Il sample iniziale di voci è una registrazione ambientale di canti popolari lucani: la stesura del pezzo è iniziata da lì. Gli altri elementi sono stati aggiunti in seguito in maniera naturale. A pezzo concluso, abbiamo deciso di aggiungere una parte in napoletano sia per via delle origini di Claudio, sia perché… Perché no?

Come mai avete deciso di aprire il disco proprio con questa canzone?

L’apertura del disco per noi è stato l’aspetto principale. Volevamo subito mettere alla prova l’ascoltatore e farlo entrare nel nostro universo nel modo più destabilizzante possibile. Chitarre ariose e un beat grezzo è un ossimoro che sintetizza la nostra visione della musica. Questo tipo di shock è una costante all’interno dell’album ed è un elemento con il quale ci piace giocare. 

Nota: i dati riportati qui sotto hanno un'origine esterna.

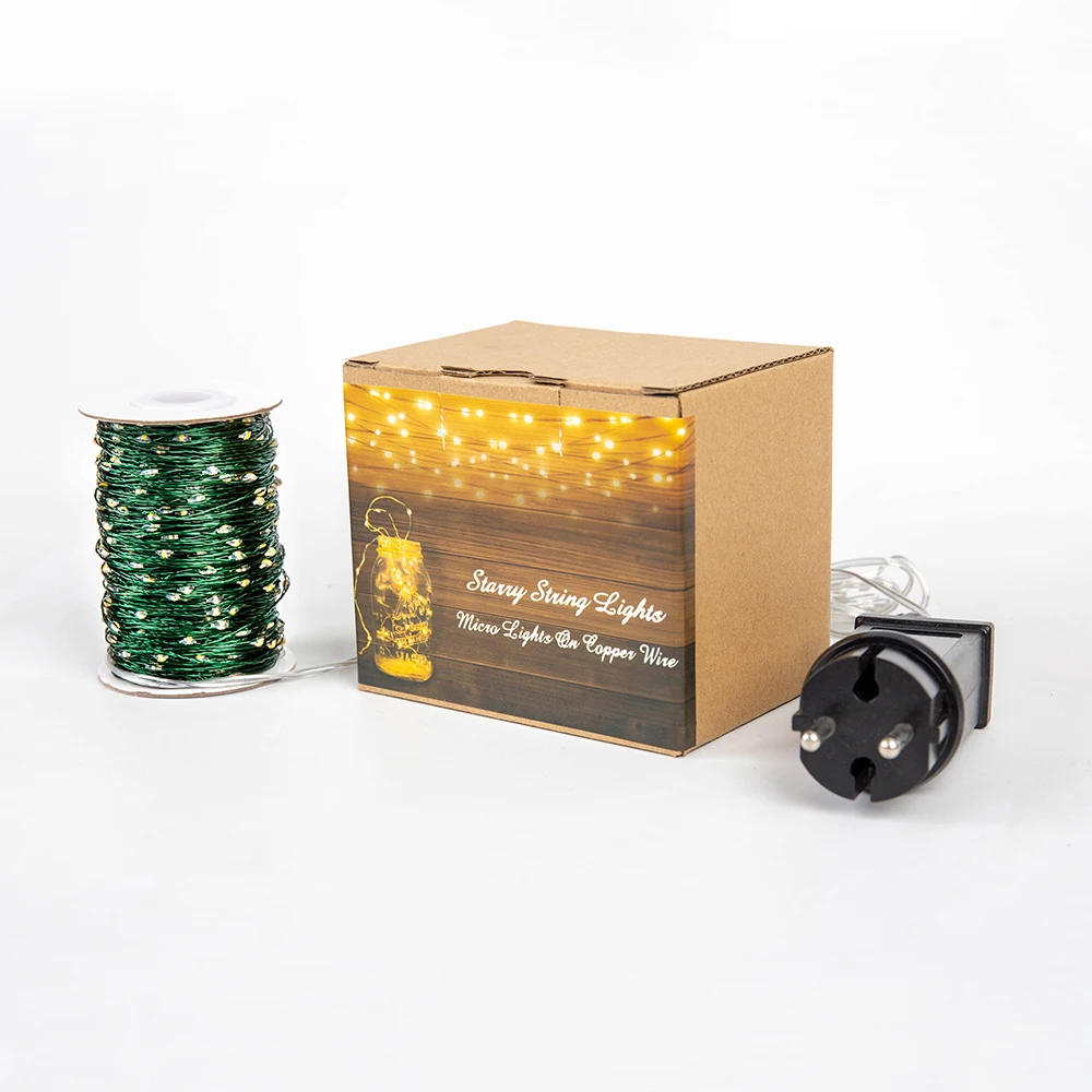 Гирлянда светодиодная, 100 м, зеленый провод, теплый белый цвет

Le collaborazioni invece come sono nate?

Tutti i featuring del disco sono nati in maniera spontanea e con persone che stimiamo sia artisticamente che umanamente. Il processo è stato molto naturale: una volta finite le bozze strumentali, abbiamo inviato i progetti agli artisti, lasciando loro la libertà di scelta e di espressione sui pezzi che preferivano. Il caso ha voluto che ognuno scegliesse un pezzo differente. Siamo molto contenti del risultato, perché l’unione di tutti i lati musicali ha portato a un risultato finale eterogeneo, ma con un leitmotiv comune. 

Facciamo un gioco, mettetevi nei nostri panni, martedì sera veniamo al concerto dopo un sacco di tempo durante il quale siamo rimasti per lo più distanti da qualsiasi luogo di aggregazione e cultura. Cosa possiamo fare per prepararci al meglio alla serata?

Venire al concerto senza aspettative, con voglia di divertirsi e di buttarsi a pieno nella serata. Ci piace pensare di non fare concerti, ma esperienze a 360 gradi. Poi quando verrete, lo capirete.